* **About this task**
Could you please reproduce the entries exactly, leaving out any pictures?

* **Source information**
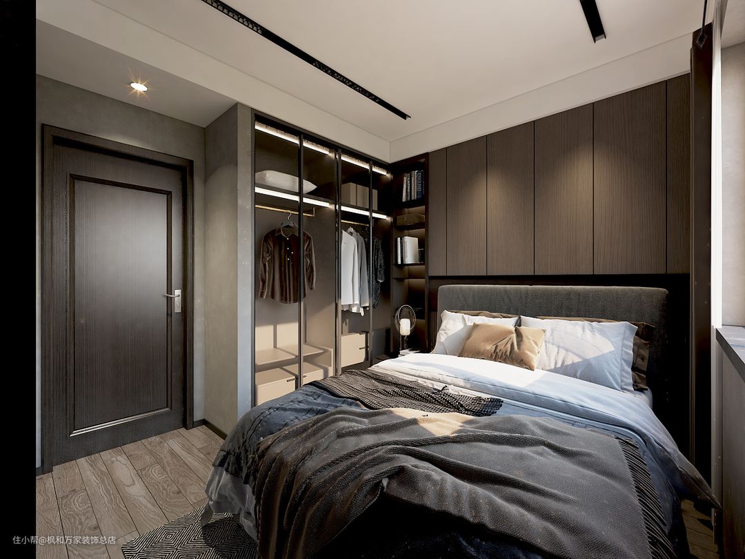 卧室的床头背景墙护墙板+衣柜一体设计,和床品也起到呼应的效果,床一侧分别用台灯辅助照明,灯具上加入金属元素更加优雅。
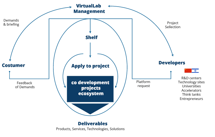 Co-development and innovation platform, where the Client has the possibility to make their demands and briefing available on our project shelf. At the other end, there are partner developers such as research and development centers, universities, accelerators, think tanks and companies that offer their expertise to develop products, services, technologies or solutions for that initial demand. Our work consists of selecting and curating these partners and generating the co-development environment.
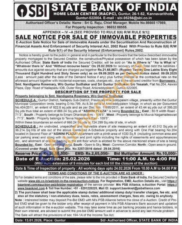 Property belonging to Smt. Nandigama Rosemary, W/o Guntur Sudhakar SCHEDULE-A: Guntur District, Nallapdu Sub-District, Previously Ankireddypalem village, presently within the Guntur Municipal Corporation limits, bearing D.No. 799, Ac.6.34 cents of Ankireddypalem Village, in which as per Document No.404/2011, an extent of 822.8 sq.yds and as per Doc. No. 11695/2011, an extent of 43.44 sq.yds out of 395.20 Sq yds thus total an extent of 866.24 Sq.yds of "ASWINI PLAZA" is being Bounded by: East: 80 ft width Road -71'3", South: Property belongs to Emani Dhanalakshmi-1095", West: Property belongs to Muvva Nagamalleswari -71'3", North: Property belongs to Tavva Nageswara Rao-109'5". Within these boundaries an extent of 866.24 Sq.yds or 724 289 Sq.mts of site, in which SCHEDULE-B: An undivided, unspecified and indivisible share of site measuring an extent of 43.312 Sq.yds or 36.214 Sq.mts of site out of the above mentioned A-Schedule property and along with One Flat bearing No.204. located in Second Floor of "ASWINI PLAZA" Apartment with a plinth area of 1030 Sq.ft (including common area and car parking area) and along with its common and joint rights including the rights of easements and appurtenances etc., and allotment of one car parking in the stilt floor which is allotted for the above mentioned share of site is being Bounded by: East: Open area in ground, South: Open to Sky, West: Common Corridor, North: Open area in ground. (Covered under Regd. Sale Deed Doc. No.3257/2016 dated: 29.04.2016)
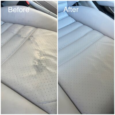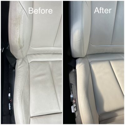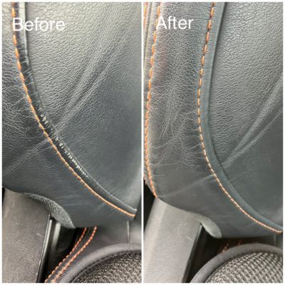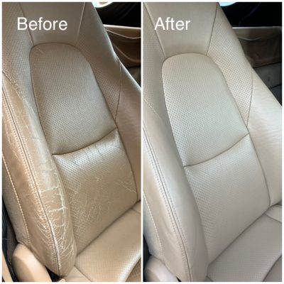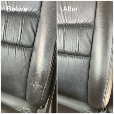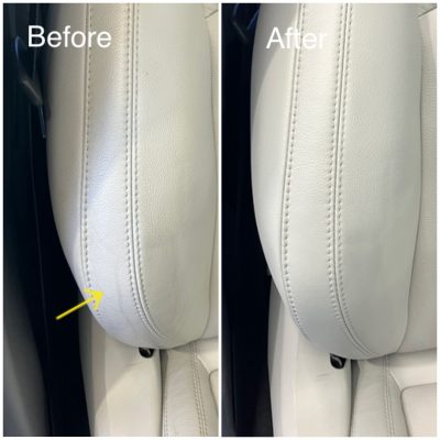 本革のシートが擦れて白くなっていました。運転席の乗降り側のため、どうしても荷重がかかって擦れてしまいます。放っておくと更に擦れが大きくなり、ひび割れにつながっていきますので、今回のようなお早目の補修が好ましいです。若干のシワも埋めながら、革専用の塗装をさせて頂きました。ありがとうございました。
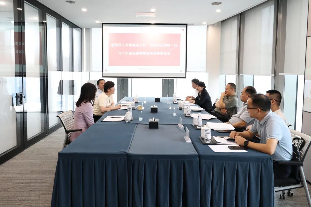 2026年3月26日上午,越秀区人大常委会党组书记、主任梁岭,区人大常委会党组成员、副主任许波,区人大常委会党组成员、办公室主任、一级调研员吴丽灵,越秀区人大常委会代表工委主任许承,黄花岗街道人大工委主任陈豪轩等一行莅临广东诺臣律师事务所(以下简称 “诺臣所”)开展调研指导工作。诺臣所合伙人会议主席、越秀区人大代表官选芸律师,监事会主席、广州市人大代表雷建威律师,管委会常务副主任兼行政总监、越秀区人大代表王静律师等热情接待并参与座谈,本次会议由王静律师主持。
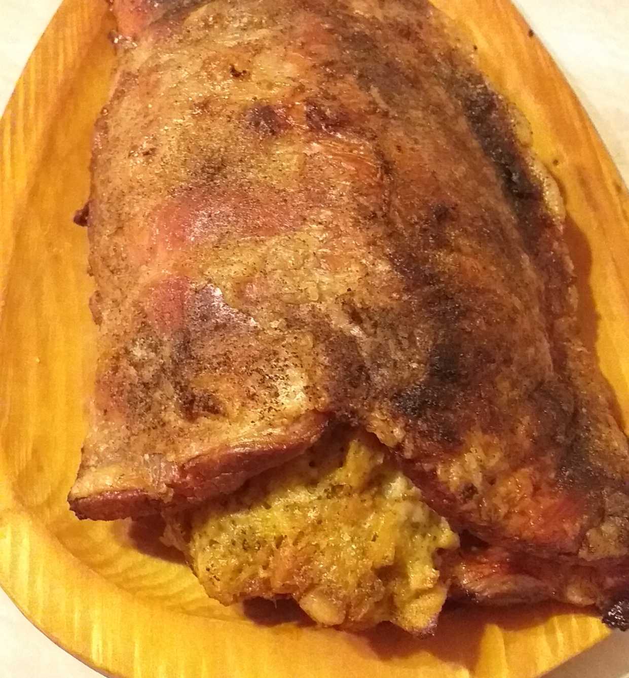 Ízlés szerint ketchuppal, mustárral és majonézzel tálaljuk. Forrón kicsit nehéz étel, de sajnos eteti magát, mert kívül ropogós, belül a vajtól és a szalonna zsírjától finom puha, tehát csalós kaja! :)
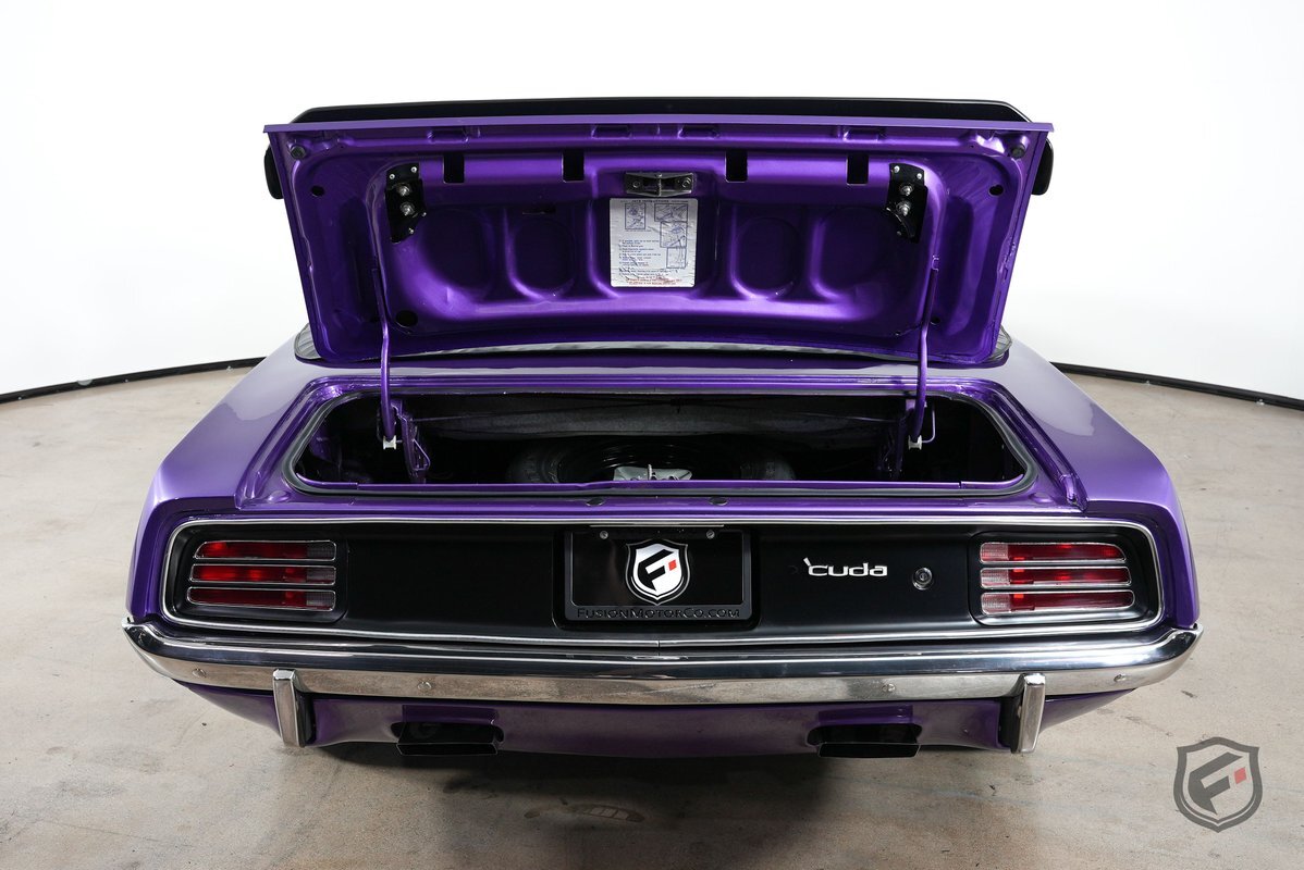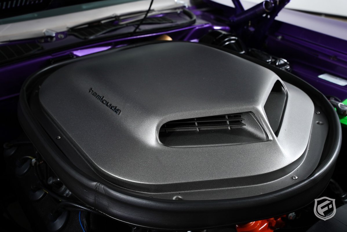This 1970 Plymouth Hemi Cuda started its life as a Barracuda with a 318 two barrel carbureted engine and three-speed automatic transmission. In the last several years it has had a full restoration. It recently underwent an extensive refresher. It received a late model 426 Hemi and A833 four-speed manual transmission, as well as a 3.54 Dana Posi Rear.
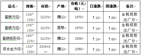 新干線訊:午盤,唐山普碳方坯報(bào)價(jià)上漲10元/噸,現(xiàn)昌黎宏興、唐山國(guó)義、興隆、中鐵榮信現(xiàn)金含稅出廠價(jià)1970元/噸;普碳矩形坯現(xiàn)金含稅價(jià)為2000元/噸,低合金方坯20Mnsi現(xiàn)金含稅價(jià)2090元/噸。
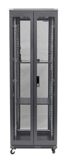 Our DYNAMIX SR series network server cabinets are an ideal solution to protect sensitive electronic networking equipment such as your server, network and telecommunications equipment in a sturdy, stable and mobile rack cabinet constructed from highly durable heavy-gauge steel. A tempered tinted glass front door ensures easy viewing and monitoring of equipment readouts while dual rear mesh doors provide additional air circulation and venting. Fully adjustable mounting rails and square mounting holes can accommodate various depth rack equipment. The DYNAMIX server cabinets are supplied standard with accessories including pre-installed fixed shelves, 2.5” heavy duty caster wheels & levelling feet, locking system, grounding pins, earthing wires, removable side panels, 4x cooling fans, and 6-way PDU (27RU and above). The cabinets are available in a wide variety of sizes from 12RU to 45RU.
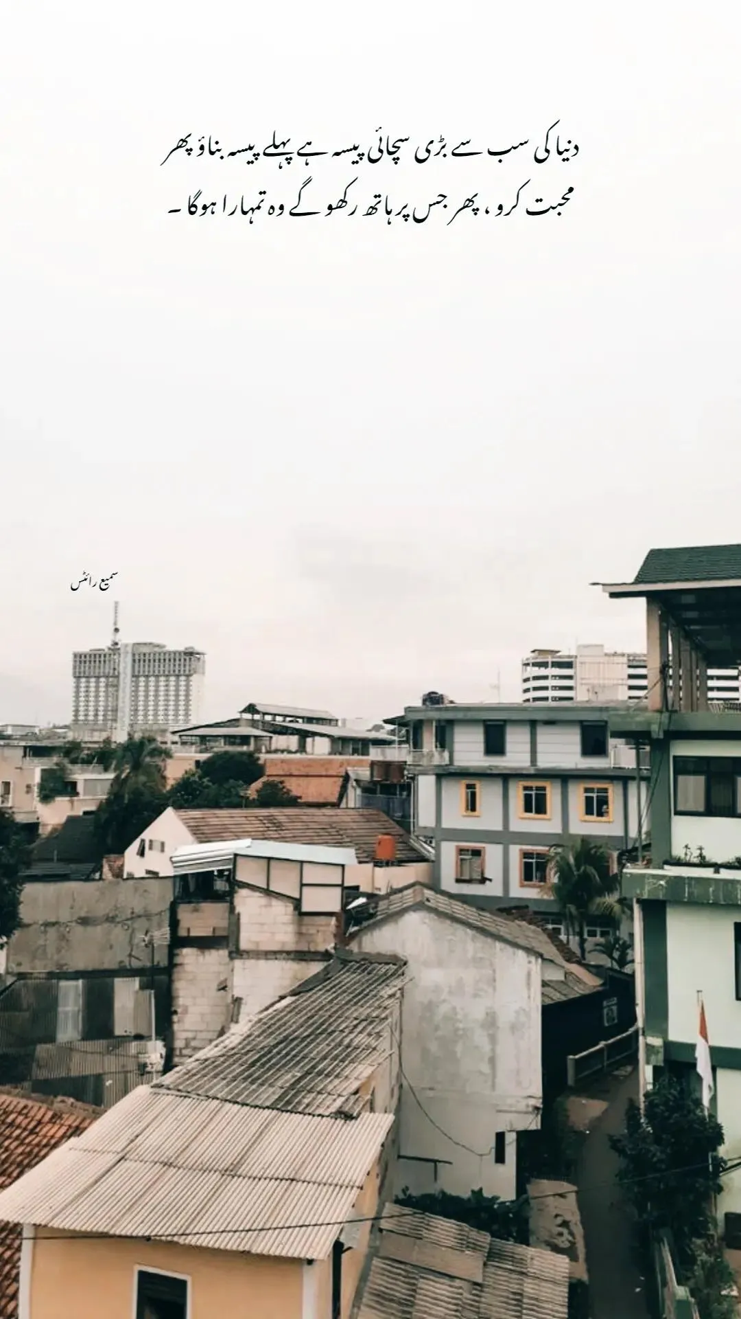 A cluttered urban rooftop view
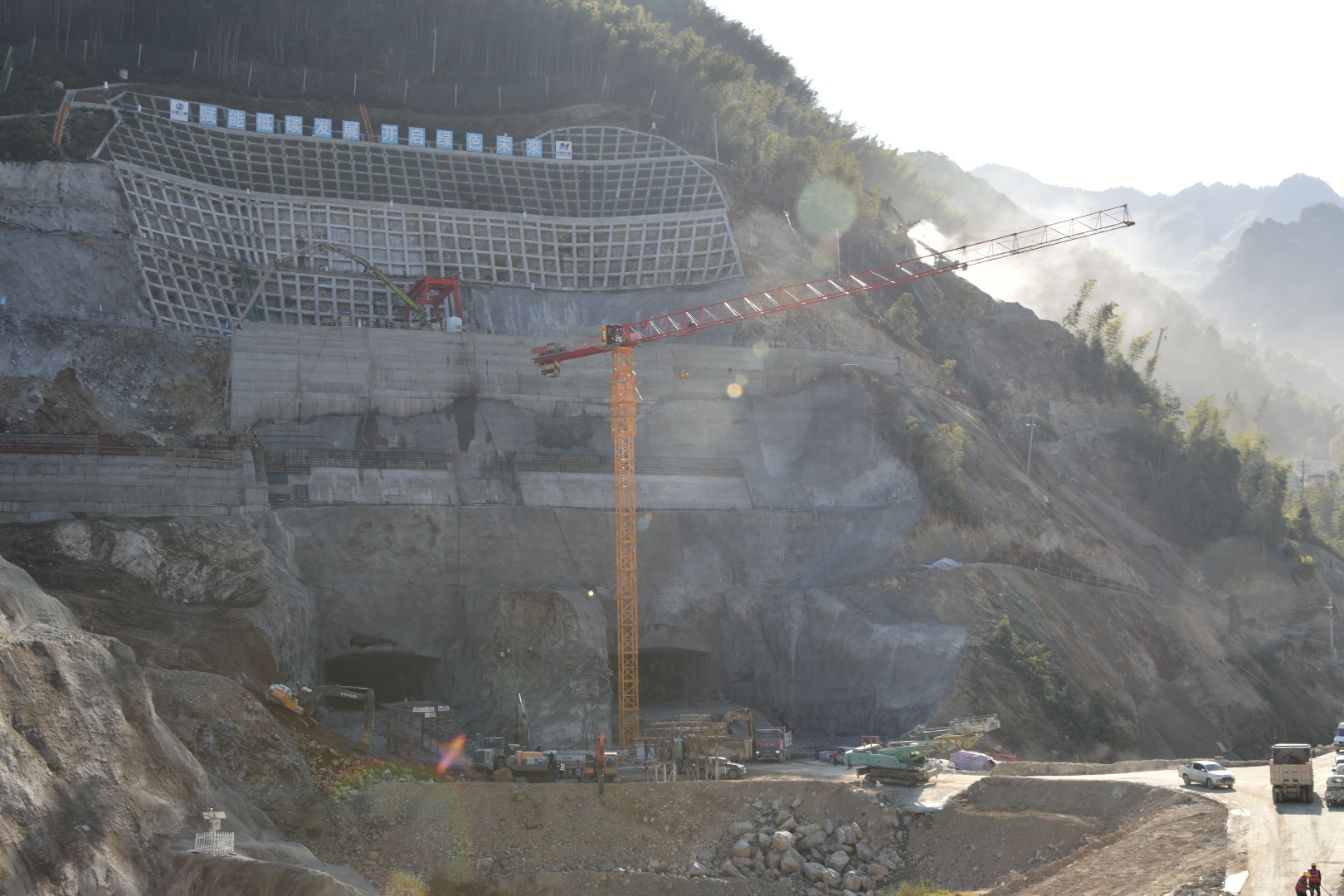 项目部始终秉持“履约为纲、质量为本、安全为基、效益为要”的十六字方针,树牢进度是最大的效益理念,狠抓资源配置、施工组织,全力确保各节点目标实现,围绕主副厂房、主变洞、尾闸洞“三大核心洞室”,下水库大坝、溢洪洞、尾水隧洞“三大关键枢纽”,以及辅助施工支洞、业主前方营地“两大配套工程”,以高标准施工效率解决冬季施工难题,推动项目建设高效推进。
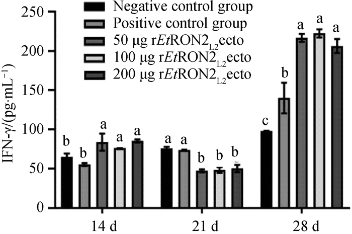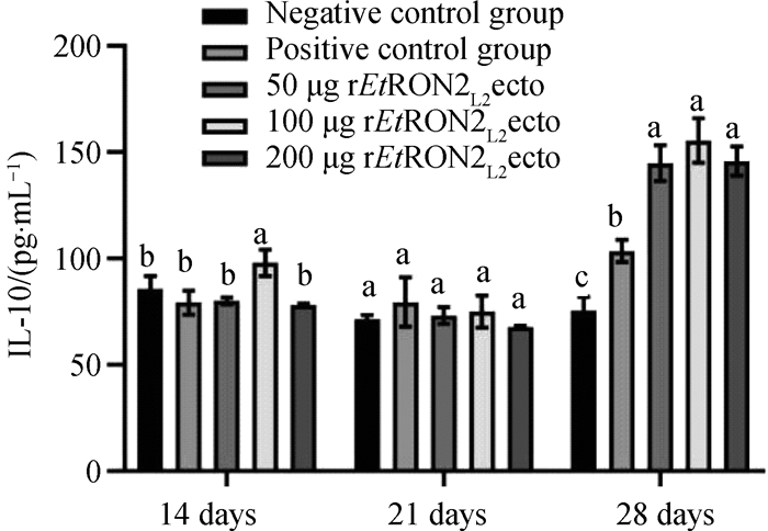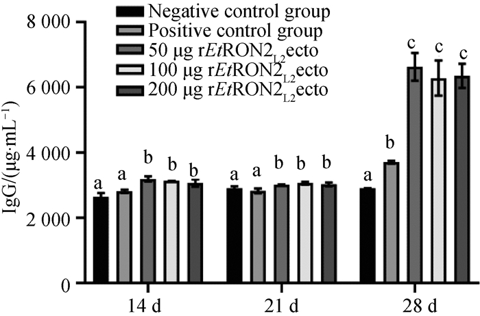 | 50 μg蛋白免疫组 50 μg rEtRON2L2ecto immune group | 41.87±0.75b | 4.01±0.27c |
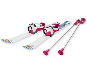 Skidor för barn 70 cm med skidstavar, rosa
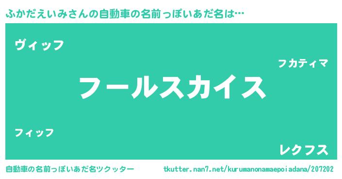 ヘコむあだ名 | 『ふかだえいみ(爆)』『ふかにゅー』 |
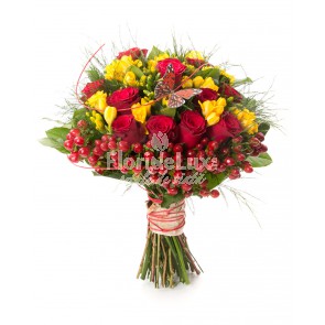 buchet_trandafiri_rosii_si_frezii_galbene
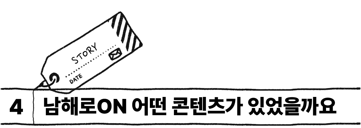 남해는 여행하기 정말 좋은 곳입니다. 자연풍광이 아름답고 매력도 분명하죠. 이 좋은 곳을 저만 알고 있기엔 아까웠고, 남해를 알리는 일이 저와 우리 팀의 미션이었습니다. 알리는 방법은 많았지만, 휘발성 메시지나 화려한 문구보다는 남해의 이야기를 담고 싶었어요.
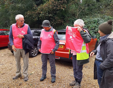 Walk leaders from Guildford Health Walks getting ready for a stroll with their Walkfest tabards on.
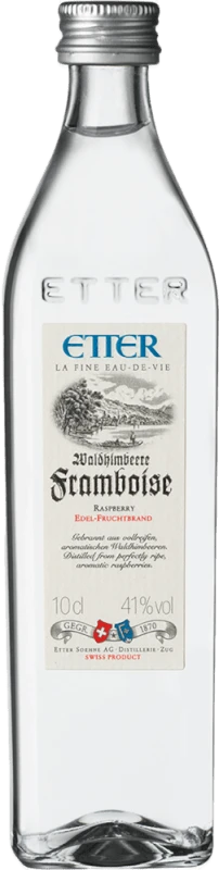Der erstklassige Etter Framboise Schweizer Himbeergeist 0,1 l von Etter – La Fine Eau de Vie aus der Schweiz fließt in strahlendem glasklaren Farbton ins blankpolierte Glas und verführt zum ersten Schluck.
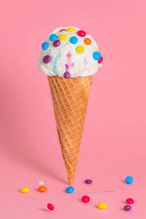 summer funny creative concept of wafer cone with melting ice cream covered and strewed colorful chocolate confetti on pink background
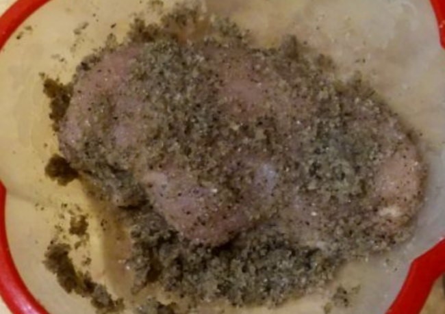- Теперь каждый кусок хорошенько обваливаем в специях и соли слегка даже надавливая. Чтоб все все было покрыто этой смесью.
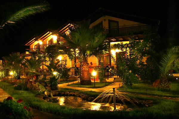 Щрихите на традиционната архитектура, срещани от посетителя, както в градината, така и в сградата, се съчетават хармонично със съвременните услуги, които предлага хотелът.

* **Task response**
 卧室的床头背景墙护墙板+衣柜一体设计,和床品也起到呼应的效果,床一侧分别用台灯辅助照明,灯具上加入金属元素更加优雅。
 Co-development and innovation platform, where the Client has the possibility to make their demands and briefing available on our project shelf. At the other end, there are partner developers such as research and development centers, universities, accelerators, think tanks and companies that offer their expertise to develop products, services, technologies or solutions for that initial demand. Our work consists of selecting and curating these partners and generating the co-development environment.
 Property belonging to Smt. Nandigama Rosemary, W/o Guntur Sudhakar SCHEDULE-A: Guntur District, Nallapdu Sub-District, Previously Ankireddypalem village, presently within the Guntur Municipal Corporation limits, bearing D.No. 799, Ac.6.34 cents of Ankireddypalem Village, in which as per Document No.404/2011, an extent of 822.8 sq.yds and as per Doc. No. 11695/2011, an extent of 43.44 sq.yds out of 395.20 Sq yds thus total an extent of 866.24 Sq.yds of "ASWINI PLAZA" is being Bounded by: East: 80 ft width Road -71'3", South: Property belongs to Emani Dhanalakshmi-1095", West: Property belongs to Muvva Nagamalleswari -71'3", North: Property belongs to Tavva Nageswara Rao-109'5". Within these boundaries an extent of 866.24 Sq.yds or 724 289 Sq.mts of site, in which SCHEDULE-B: An undivided, unspecified and indivisible share of site measuring an extent of 43.312 Sq.yds or 36.214 Sq.mts of site out of the above mentioned A-Schedule property and along with One Flat bearing No.204. located in Second Floor of "ASWINI PLAZA" Apartment with a plinth area of 1030 Sq.ft (including common area and car parking area) and along with its common and joint rights including the rights of easements and appurtenances etc., and allotment of one car parking in the stilt floor which is allotted for the above mentioned share of site is being Bounded by: East: Open area in ground, South: Open to Sky, West: Common Corridor, North: Open area in ground. (Covered under Regd. Sale Deed Doc. No.3257/2016 dated: 29.04.2016)
 本革のシートが擦れて白くなっていました。運転席の乗降り側のため、どうしても荷重がかかって擦れてしまいます。放っておくと更に擦れが大きくなり、ひび割れにつながっていきますので、今回のようなお早目の補修が好ましいです。若干のシワも埋めながら、革専用の塗装をさせて頂きました。ありがとうございました。
 2026年3月26日上午,越秀区人大常委会党组书记、主任梁岭,区人大常委会党组成员、副主任许波,区人大常委会党组成员、办公室主任、一级调研员吴丽灵,越秀区人大常委会代表工委主任许承,黄花岗街道人大工委主任陈豪轩等一行莅临广东诺臣律师事务所(以下简称 “诺臣所”)开展调研指导工作。诺臣所合伙人会议主席、越秀区人大代表官选芸律师,监事会主席、广州市人大代表雷建威律师,管委会常务副主任兼行政总监、越秀区人大代表王静律师等热情接待并参与座谈,本次会议由王静律师主持。
 Ízlés szerint ketchuppal, mustárral és majonézzel tálaljuk. Forrón kicsit nehéz étel, de sajnos eteti magát, mert kívül ropogós, belül a vajtól és a szalonna zsírjától finom puha, tehát csalós kaja! :)
This 1970 Plymouth Hemi Cuda started its life as a Barracuda with a 318 two barrel carbureted engine and three-speed automatic transmission. In the last several years it has had a full restoration. It recently underwent an extensive refresher. It received a late model 426 Hemi and A833 four-speed manual transmission, as well as a 3.54 Dana Posi Rear.
 新干線訊:午盤,唐山普碳方坯報(bào)價(jià)上漲10元/噸,現(xiàn)昌黎宏興、唐山國(guó)義、興隆、中鐵榮信現(xiàn)金含稅出廠價(jià)1970元/噸;普碳矩形坯現(xiàn)金含稅價(jià)為2000元/噸,低合金方坯20Mnsi現(xiàn)金含稅價(jià)2090元/噸。
 Our DYNAMIX SR series network server cabinets are an ideal solution to protect sensitive electronic networking equipment such as your server, network and telecommunications equipment in a sturdy, stable and mobile rack cabinet constructed from highly durable heavy-gauge steel. A tempered tinted glass front door ensures easy viewing and monitoring of equipment readouts while dual rear mesh doors provide additional air circulation and venting. Fully adjustable mounting rails and square mounting holes can accommodate various depth rack equipment. The DYNAMIX server cabinets are supplied standard with accessories including pre-installed fixed shelves, 2.5” heavy duty caster wheels & levelling feet, locking system, grounding pins, earthing wires, removable side panels, 4x cooling fans, and 6-way PDU (27RU and above). The cabinets are available in a wide variety of sizes from 12RU to 45RU.
 A cluttered urban rooftop view
 项目部始终秉持“履约为纲、质量为本、安全为基、效益为要”的十六字方针,树牢进度是最大的效益理念,狠抓资源配置、施工组织,全力确保各节点目标实现,围绕主副厂房、主变洞、尾闸洞“三大核心洞室”,下水库大坝、溢洪洞、尾水隧洞“三大关键枢纽”,以及辅助施工支洞、业主前方营地“两大配套工程”,以高标准施工效率解决冬季施工难题,推动项目建设高效推进。
 | 50 μg蛋白免疫组 50 μg rEtRON2L2ecto immune group | 41.87±0.75b | 4.01±0.27c |
 Skidor för barn 70 cm med skidstavar, rosa
 ヘコむあだ名 | 『ふかだえいみ(爆)』『ふかにゅー』 |
 buchet_trandafiri_rosii_si_frezii_galbene
 남해는 여행하기 정말 좋은 곳입니다. 자연풍광이 아름답고 매력도 분명하죠. 이 좋은 곳을 저만 알고 있기엔 아까웠고, 남해를 알리는 일이 저와 우리 팀의 미션이었습니다. 알리는 방법은 많았지만, 휘발성 메시지나 화려한 문구보다는 남해의 이야기를 담고 싶었어요.
 Walk leaders from Guildford Health Walks getting ready for a stroll with their Walkfest tabards on.
Der erstklassige Etter Framboise Schweizer Himbeergeist 0,1 l von Etter – La Fine Eau de Vie aus der Schweiz fließt in strahlendem glasklaren Farbton ins blankpolierte Glas und verführt zum ersten Schluck.
 summer funny creative concept of wafer cone with melting ice cream covered and strewed colorful chocolate confetti on pink background
- Теперь каждый кусок хорошенько обваливаем в специях и соли слегка даже надавливая. Чтоб все все было покрыто этой смесью.
 Щрихите на традиционната архитектура, срещани от посетителя, както в градината, така и в сградата, се съчетават хармонично със съвременните услуги, които предлага хотелът.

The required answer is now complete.